**** Source information ****

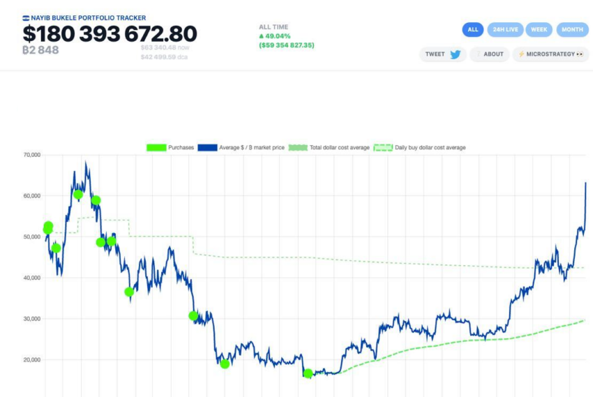 Le disponibilità totali di El Salvador in Bitcoin hanno superato i 60 milioni di dollari in seguito all’impennata del prezzo della criptovaluta.
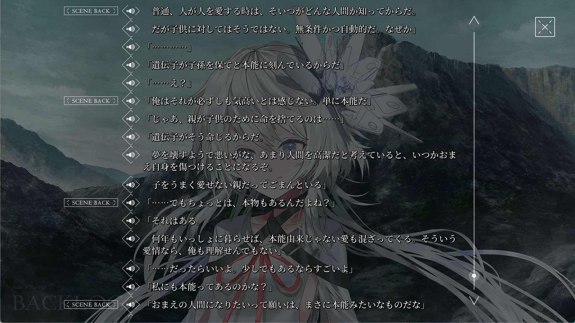 与此同时,。Philia在看着Jude为了她的愿望(……)奔走的过程中,开始逐渐意识到人类是为了利益而活动的,尤其在这样资源有限的条件下,作为毫无关系的陌生人、Jude毫无理由为她的愿望冒险,而她自说自话地向自己解释说:或许是人类的亲情那种关系吧。正像她之前和Jude路途上所看到的死去父女手机上的最后录音里播放的那样,她参考着网上的发言,想着,或许人类的父亲为子女而死是理所当然的吧,正因如此人类才非常伟大啊。(……如果这个句子是人说出来的我肯定超级生气……)我好像有一点能理解,就是那种,我也有那种因为接受了父母很多的很好的、没办法回报的对待所以想要试图找一个解释的想法,而Philia的想法应该也是类似的,下意识地为Jude这些宽容与温柔找一个原因,原因的名字是亲情,因为她觉得亲情是无需理由、不求回报的。
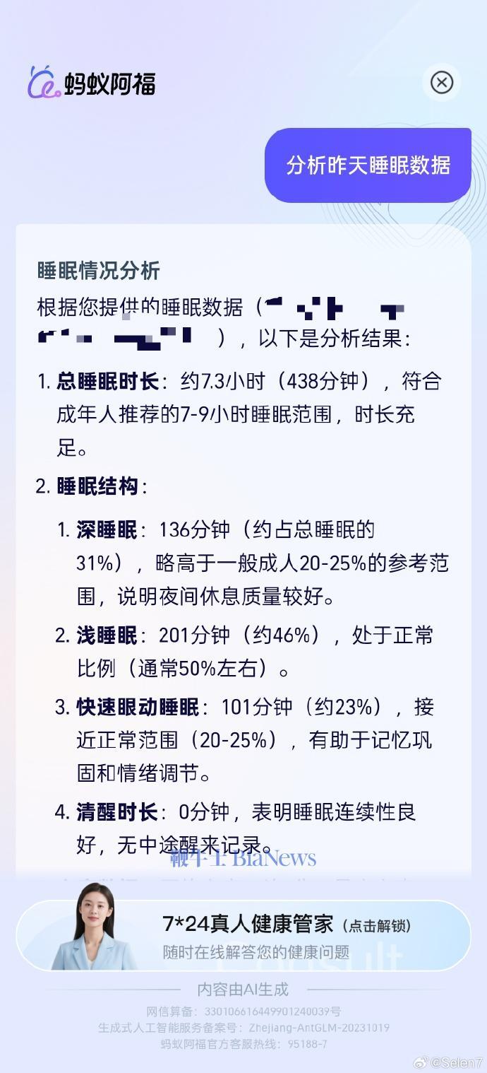 据介绍,接入蚂蚁阿福后,用户在睡眠、心率界面可以直接点击让阿福帮忙分析数据,利用AI分析进行初步健康建议。
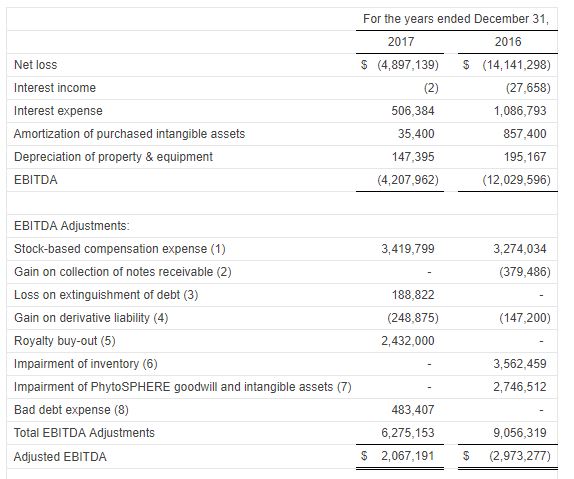 A reconciliation from the Company’s net loss to Adjusted EBITDA, a non-GAAP measure, for the years ended December 31, 2017 and 2016 is detailed below:
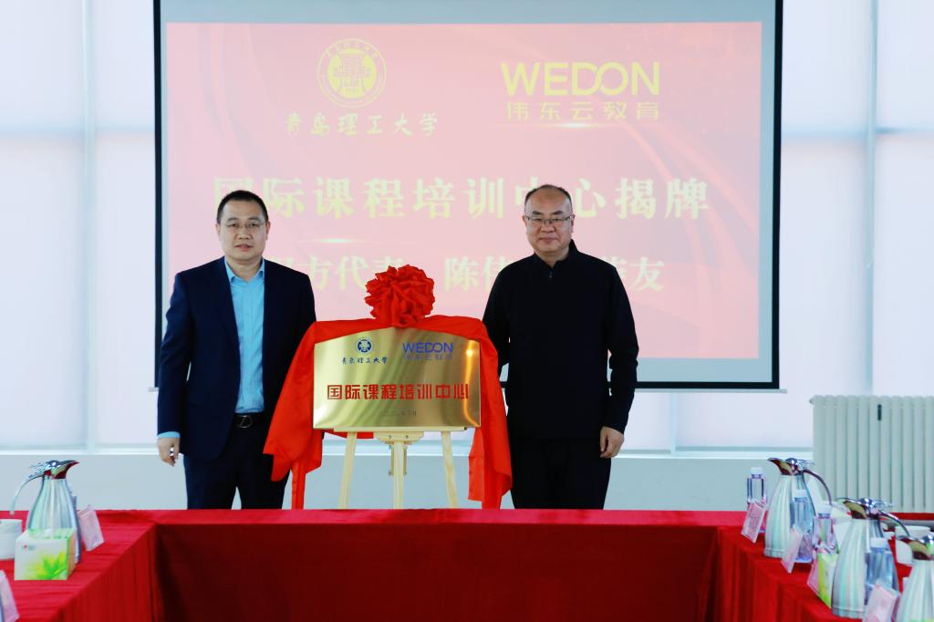 党委常委、统战部部长陈伟及伟东云教育集团有限公司副总裁孙荣友共同为国际课程培训中心揭牌
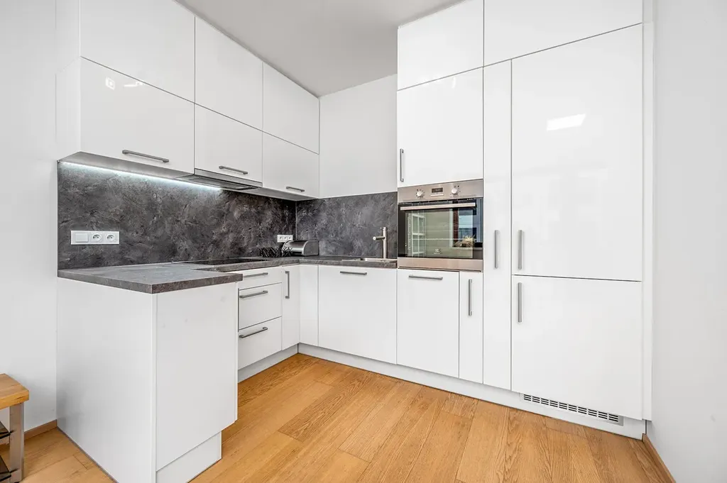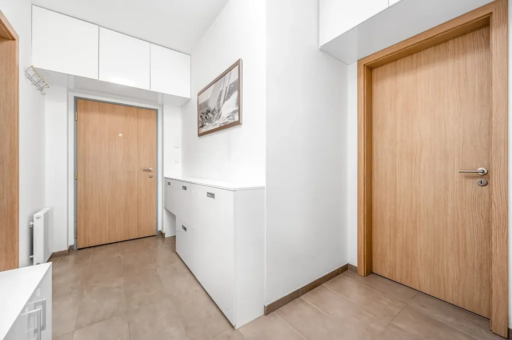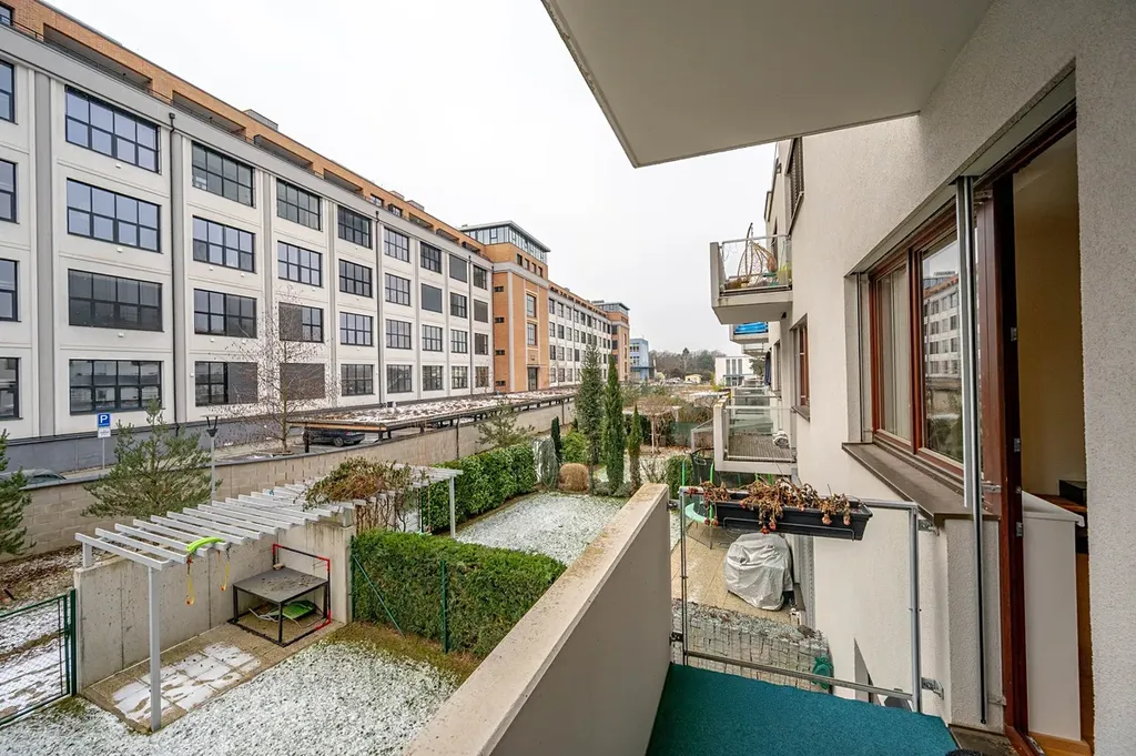 Dispozice je řešená přesně tak, jak má 2+kk fungovat. Obývací pokoj je propojený s plně vybavenou kuchyní, takže prostor působí vzdušně a v každodenním provozu dává smysl. Z obývací části je přímý vstup na balkon orientovaný do vnitrobloku. Ložnice je vybavena postelí a šatní skříní. Koupelna nabízí vanu, umyvadlo a toaletu. Velké plus je samostatná technická místnost s pračkou, sušičkou, bojlerem a plynovým kotlem — díky tomu zůstává koupelna čistá a bez provozního vybavení. Vstupní chodba má vestavěné úložné prostory.
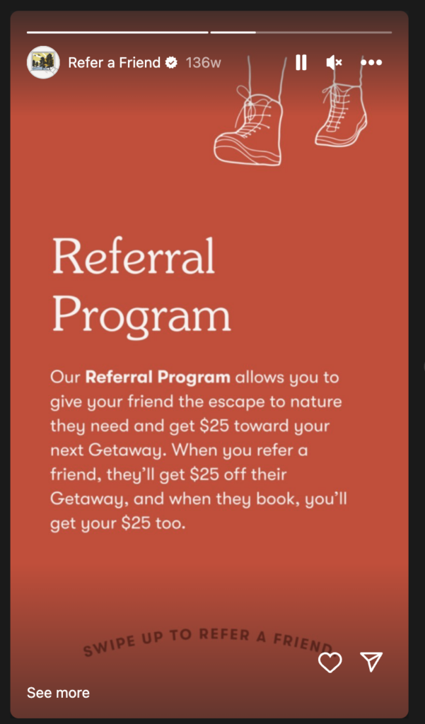 Par exemple, la marque de location de vacances Getaway dispose d'un programme de parrainage dans lequel les clients donnent et obtiennent 25 $ de réduction sur leur prochaine réservation lorsqu'ils parrainent un ami. La société propose un Instagram Highlight pour son programme de parrainage, afin que les utilisateurs aient toujours accès au contenu.
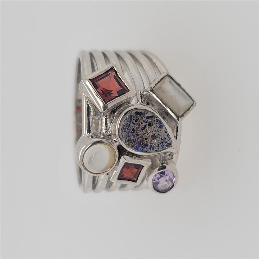 One Sterling Silver Ring. The ring size is 6.75. Contains semiprecious stones.
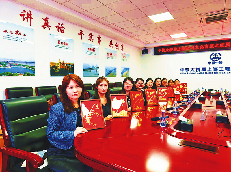 ??10月31日,中鐵大橋局上海公司紀委開展“文化育廉之家屬助廉、員工踐廉”主題活動?;顒影捔L、讀廉書、送家書、寄廉語、守廉心等環節,旨在進一步凝聚家庭助廉力量,推動廉潔文化進家庭。圖為員工家屬展示創作的蘊含廉潔意境的金箔畫。?胡駿 攝
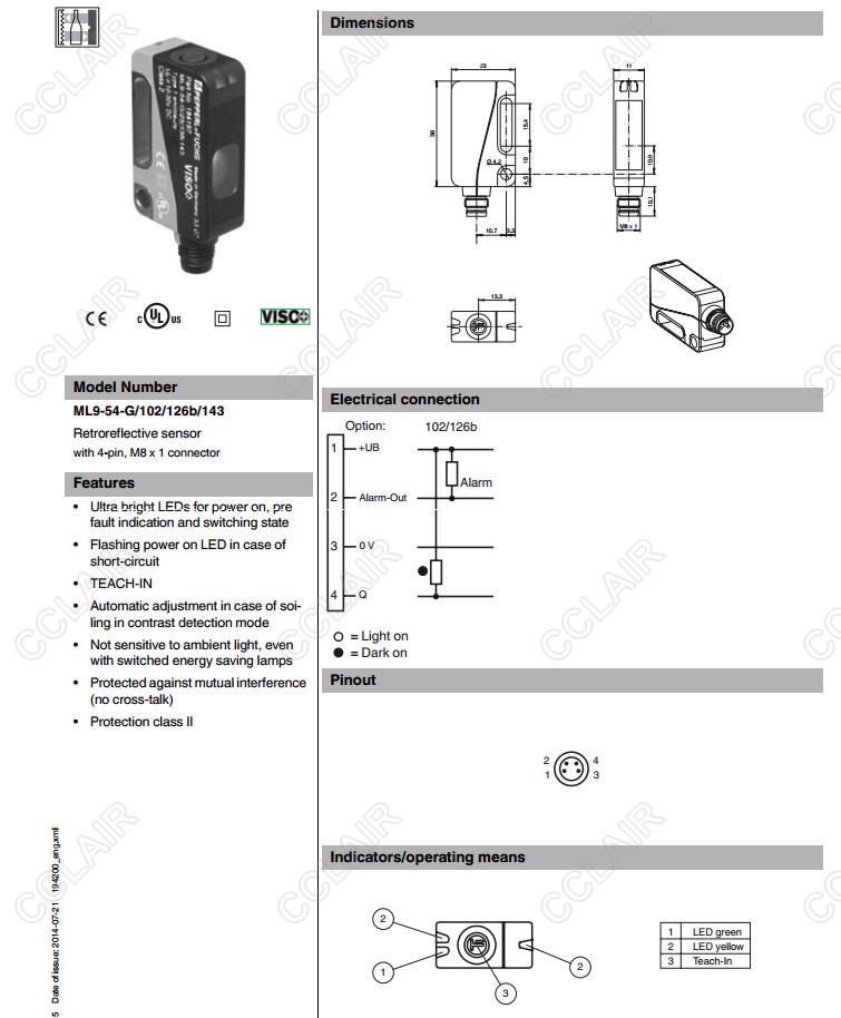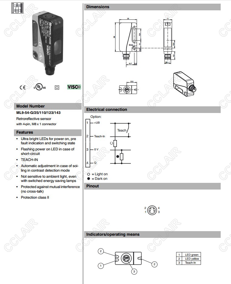 ML9-54-G/102/126b/143,ML9-54-G/25/110/123/143,反射板型傳感器
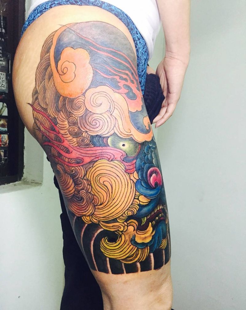 当前位置: 首页 >广东省广州市纹身店-肆海刺青纹身图案>包大腿唐狮纹身图片
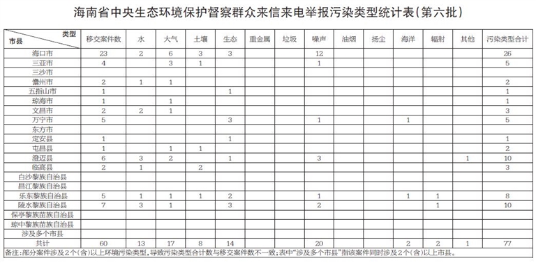 本报海口11月27日讯(记者周晓梦)11月27日,中央第三生态环境保护督察组向我省转交第六批环境信访交办件60件。目前累计已移交群众信访举报件266件。

****

▸ **Work request**: Where the line containing "党委常委、统战部部长陈伟及伟" appears in the records above, begin copying and continue exactly through the last line, with nothing else; omit every picture.

▸ **Exercise result**:
 党委常委、统战部部长陈伟及伟东云教育集团有限公司副总裁孙荣友共同为国际课程培训中心揭牌
 Dispozice je řešená přesně tak, jak má 2+kk fungovat. Obývací pokoj je propojený s plně vybavenou kuchyní, takže prostor působí vzdušně a v každodenním provozu dává smysl. Z obývací části je přímý vstup na balkon orientovaný do vnitrobloku. Ložnice je vybavena postelí a šatní skříní. Koupelna nabízí vanu, umyvadlo a toaletu. Velké plus je samostatná technická místnost s pračkou, sušičkou, bojlerem a plynovým kotlem — díky tomu zůstává koupelna čistá a bez provozního vybavení. Vstupní chodba má vestavěné úložné prostory.
 Par exemple, la marque de location de vacances Getaway dispose d'un programme de parrainage dans lequel les clients donnent et obtiennent 25 $ de réduction sur leur prochaine réservation lorsqu'ils parrainent un ami. La société propose un Instagram Highlight pour son programme de parrainage, afin que les utilisateurs aient toujours accès au contenu.
 One Sterling Silver Ring. The ring size is 6.75. Contains semiprecious stones.
 ??10月31日,中鐵大橋局上海公司紀委開展“文化育廉之家屬助廉、員工踐廉”主題活動?;顒影捔L、讀廉書、送家書、寄廉語、守廉心等環節,旨在進一步凝聚家庭助廉力量,推動廉潔文化進家庭。圖為員工家屬展示創作的蘊含廉潔意境的金箔畫。?胡駿 攝
 ML9-54-G/102/126b/143,ML9-54-G/25/110/123/143,反射板型傳感器
 当前位置: 首页 >广东省广州市纹身店-肆海刺青纹身图案>包大腿唐狮纹身图片
 本报海口11月27日讯(记者周晓梦)11月27日,中央第三生态环境保护督察组向我省转交第六批环境信访交办件60件。目前累计已移交群众信访举报件266件。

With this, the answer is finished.